The defendant appeared specially to object to numerous procedural irregularities. No one seems to have been misled by them. They were not particularly material *85 and many of them could be remedied by amendment. We do not think they require discussion or decision and limit our consideration to more vital assignments of error.

In effect, plaintiff complained that her minor child was legally entitled to attend the Jefferson District School but was wrongfully excluded on the ground that plaintiff, and consequently her child, was not a resident of the school district. Plaintiff's complaint alleged that for many years she had been a resident of the district and intended to remain one but for the time being, due to some necessary alterations in her dwelling, she was spending her nights in another school district. During the day, plaintiff alleged, she conducted her tavern business in the defendant district and cared for her child there outside of school hours. At night, though plaintiff slept outside the district, the child slept within it pursuant to an arrangement made by plaintiff. Upon this complaint plaintiff procured an order directing defendant to show cause why a temporary writ of mandamus should not issue directing defendant to admit the child to its school.

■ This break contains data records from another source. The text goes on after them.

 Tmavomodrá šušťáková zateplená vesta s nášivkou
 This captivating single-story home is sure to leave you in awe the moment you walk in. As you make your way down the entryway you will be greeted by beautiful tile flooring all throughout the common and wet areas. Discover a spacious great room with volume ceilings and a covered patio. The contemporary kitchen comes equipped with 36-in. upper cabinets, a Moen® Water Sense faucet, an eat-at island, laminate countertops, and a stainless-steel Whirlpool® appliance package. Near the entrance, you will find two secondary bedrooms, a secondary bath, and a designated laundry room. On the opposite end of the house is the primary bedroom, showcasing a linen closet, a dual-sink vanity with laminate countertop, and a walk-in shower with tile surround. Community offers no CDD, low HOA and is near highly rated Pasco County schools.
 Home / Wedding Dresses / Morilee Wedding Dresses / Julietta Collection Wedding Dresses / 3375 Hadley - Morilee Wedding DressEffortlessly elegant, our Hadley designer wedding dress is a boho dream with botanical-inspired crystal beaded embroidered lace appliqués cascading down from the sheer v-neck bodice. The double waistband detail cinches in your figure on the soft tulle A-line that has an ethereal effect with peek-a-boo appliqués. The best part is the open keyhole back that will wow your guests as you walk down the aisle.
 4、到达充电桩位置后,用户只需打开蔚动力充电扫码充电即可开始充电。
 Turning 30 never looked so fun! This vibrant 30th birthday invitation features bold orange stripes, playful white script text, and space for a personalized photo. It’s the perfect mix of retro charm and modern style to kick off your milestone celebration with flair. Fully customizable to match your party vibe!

The order to show cause came on for hearing December 4, 1953. Defendant then served and filed an affidavit denying that plaintiff and her child were residents of the school district. No testimony was taken, no facts were stipulated. No findings were made by the trial court,—particularly no findings concerning residence,—but on December 11, 1953, the court entered the following order from which the present appeal is taken.

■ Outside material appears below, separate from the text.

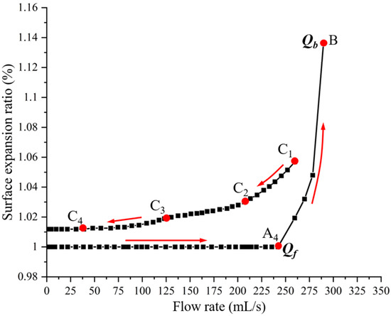 During the A4–B stage, the height of the fluidized cavity rises rapidly, and the pipe pressure drops sharply. Point A4 signifies the transition from a static state to internal fluidization. The water flow rate at this point is defined as Qf. Following the internal fluidization stage, the B–C1 stage corresponds to the surface fluidization stage, comprising the B–B1 phase from the fluidization process and the B1–C1 phase from the defluidization process. Point B denotes the transition from internal fluidization to surface fluidization, and the water flow rate at this point is defined as Qb. During this stage, both the height of the fluidized cavity and the pipe pressure remain nearly constant. Point C1 indicates a sudden drop in cavity height attributed to the cessation of surface fluidization; hence, the flow rate at point C1 is defined as Qclo. During the C1–C4 stage, the defluidized cavities behave similarly to those observed in the A4–B stage, which is classified as the internal defluidization stage. Finally, in the C4–O stage, defluidized cavities vanish, and the sand bed returns to a static state. At this point, the sand layer near the orifice collapses. Point C4 represents the critical point of this localized collapse, and the flow rate at this point is defined as Qcol. Figure 3 shows that both cavity height and pipe pressure exhibit nonlinear variation throughout the defluidization process.
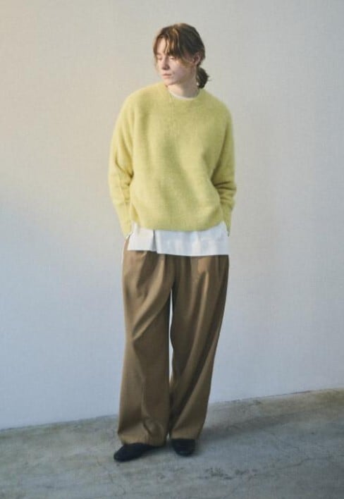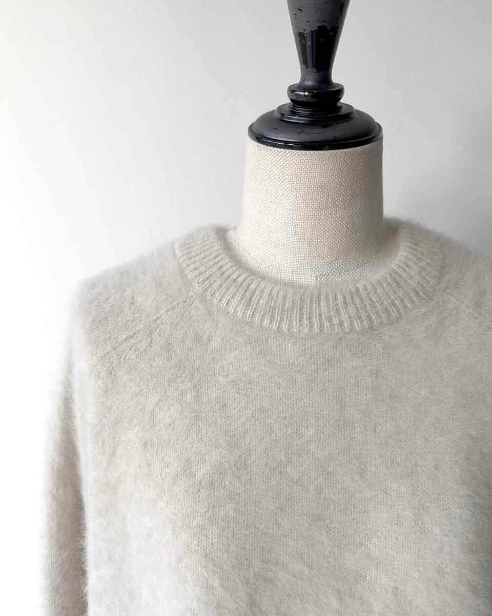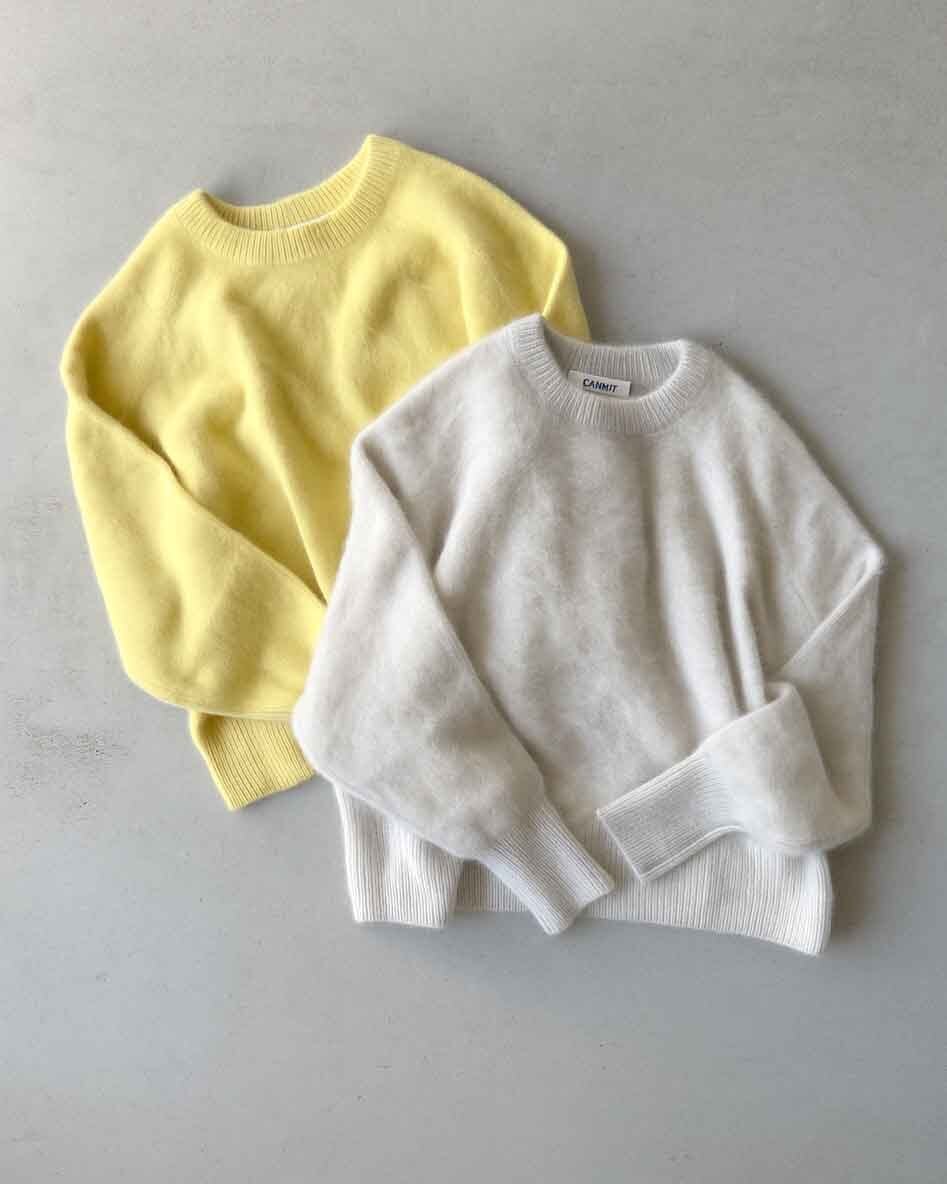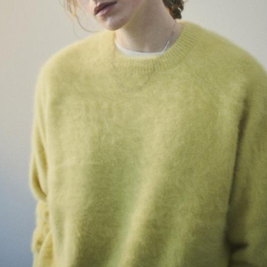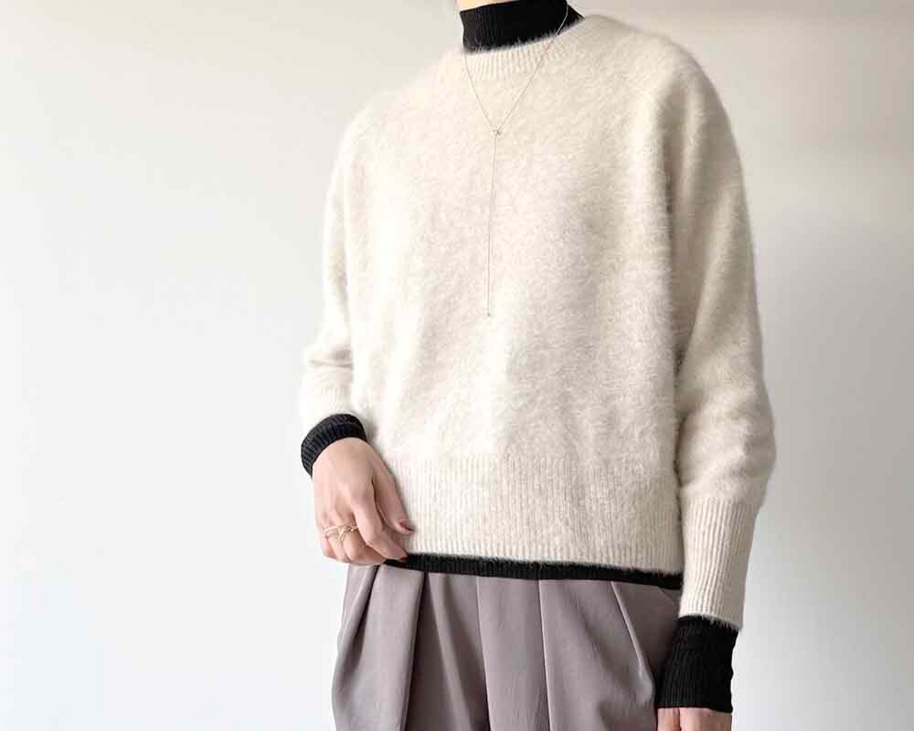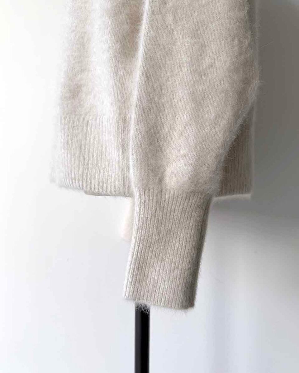 しっかりと厚みがありながらも、糸の軽さでふんわりと柔らかく、他にないボリューム感が贅沢な高級感のある一着です。

"It is ordered: That the defendant, Jefferson District School Board, shall cease and desist from preventing the minor child of the petitioner, Kathleen Smuda, from attending the Jefferson District School; and that the said minor child shall be so permitted to attend the said school from and after December 4th, 1953; that if the petitioner, Helen Smuda, is not a resident of the town of Greenfield on or before May 1st, 1954, the said petitioner shall pay to the *86 defendant a sum of money for tuition expenses of the said minor child, the said sum to be set in the discretion of this court."

In so far as it concerns the right of the child to attend this school the order, unless reversed, is conclusive. The fact that it does not require plaintiff to furnish security, as directed by sec. 268.06, Stats., when interlocutory injunctions are granted, merely confirms what is already apparent on the order's face, that this was a final and not an interlocutory injunction. By its terms the child, regardless of where she resides, may attend defendant's school without charge from December, 1953, to May, 1954, providing that her mother, the plaintiff, is a resident on or before May 1, 1954. If such residence is not established by May 1st, the defendant-district shall receive such tuition as the court in its discretion may prescribe.

Neither plaintiff nor her child have been found to be residents of the defendant district and the district denies that they reside there. The order assumes that they may be nonresidents and attempts to make provision accordingly, but nevertheless it commands defendant to accept the pupil without the precedent written agreement by the parents to pay nonresident tuition at the legal rate, as required by sec. 40.654, Stats. 1953, and leaves compensation to the discretion of the court instead of as established by sec. 40.65 (3), Stats. 1953.

The court has neither discretion nor jurisdiction to compel a school district to accept pupils on other than statutory terms. In making the order from which defendant has appealed the learned trial court exceeded its jurisdiction.

By the Court.—Order reversed. Cause remanded for further proceedings consistent with the opinion.